- _Recorded information_:
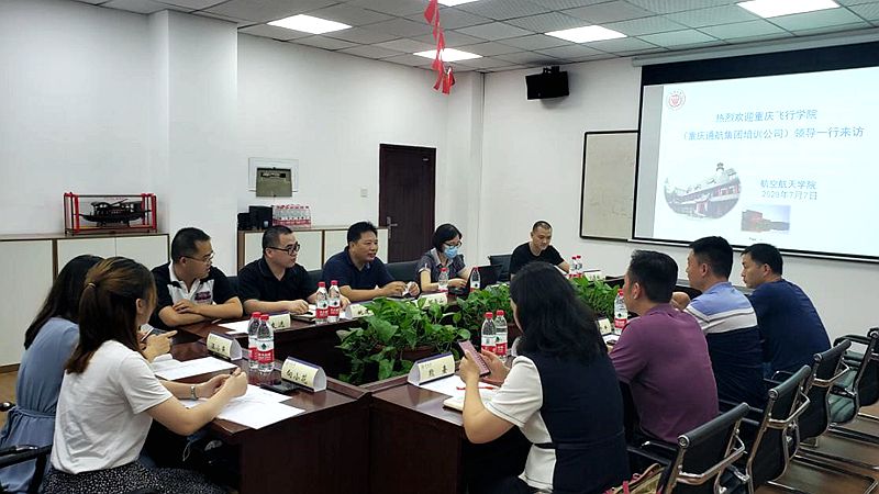 2020年7月7日下午,由学校教育发展基金会牵头,飞行学院重庆通用航空培训有限公司党委书记、总经理刘飞牛一行到访学院,与基金会及学院领导、教师代表就相关合作进行座谈。会议由基金会副秘书长何荣山主持,学院党委书记万玲、副院长姚建尧等参会。 万玲代表学院对刘飞牛总经理一行的到来表示热烈欢迎。她提到,学院与重庆飞行学院重庆通航集团有良好的合作前景,希望通过交流进一步明确合作方式,以达到优势互补...
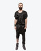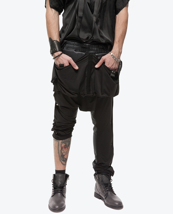 Спереди трикотаж, сзади - костюмная ткань; пояс на резинке; карманы спереди; штанины отделаны декоративными клепками
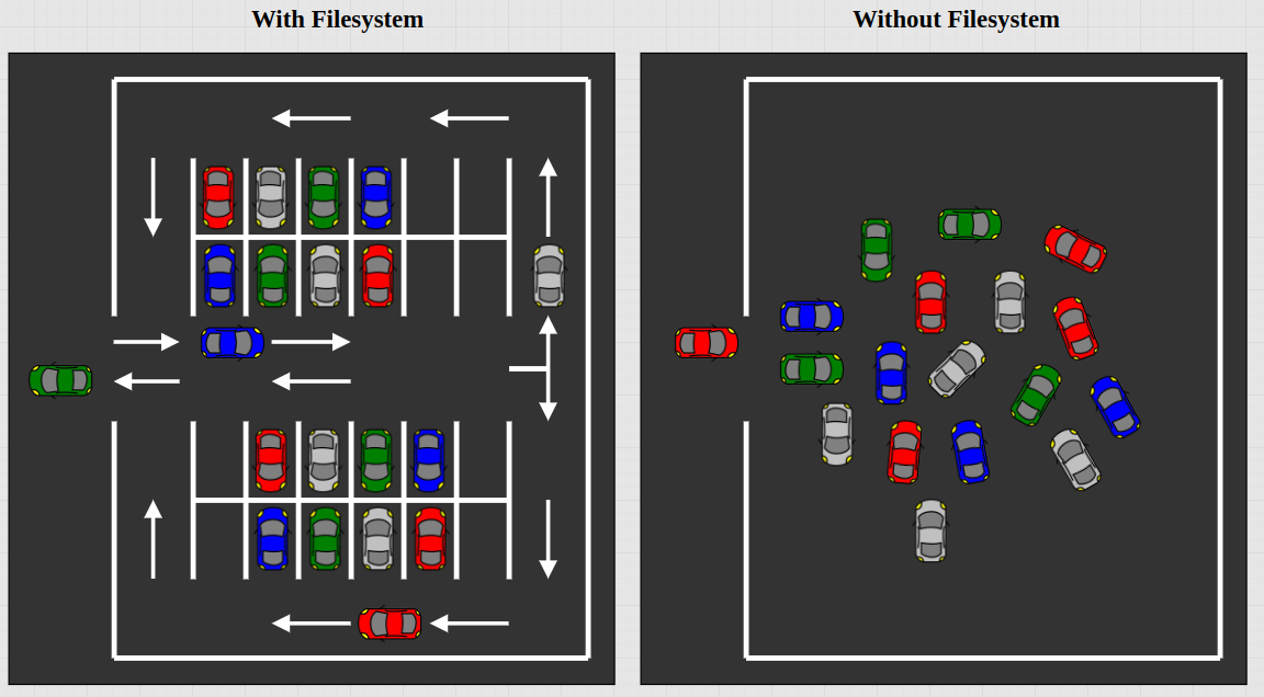 A file system defines how to separate files and folders from each other. Think of it like a parking lot with lanes, compared to a parking lot without lanes. The latter can become quite unorganized; it can be hard to find your car, or even retrieve it, if there is no system.

- _Prompt_: Copy out all the data exactly, skipping the pictures.

- _Response area_:
 2020年7月7日下午,由学校教育发展基金会牵头,飞行学院重庆通用航空培训有限公司党委书记、总经理刘飞牛一行到访学院,与基金会及学院领导、教师代表就相关合作进行座谈。会议由基金会副秘书长何荣山主持,学院党委书记万玲、副院长姚建尧等参会。 万玲代表学院对刘飞牛总经理一行的到来表示热烈欢迎。她提到,学院与重庆飞行学院重庆通航集团有良好的合作前景,希望通过交流进一步明确合作方式,以达到优势互补...
 Спереди трикотаж, сзади - костюмная ткань; пояс на резинке; карманы спереди; штанины отделаны декоративными клепками
 A file system defines how to separate files and folders from each other. Think of it like a parking lot with lanes, compared to a parking lot without lanes. The latter can become quite unorganized; it can be hard to find your car, or even retrieve it, if there is no system.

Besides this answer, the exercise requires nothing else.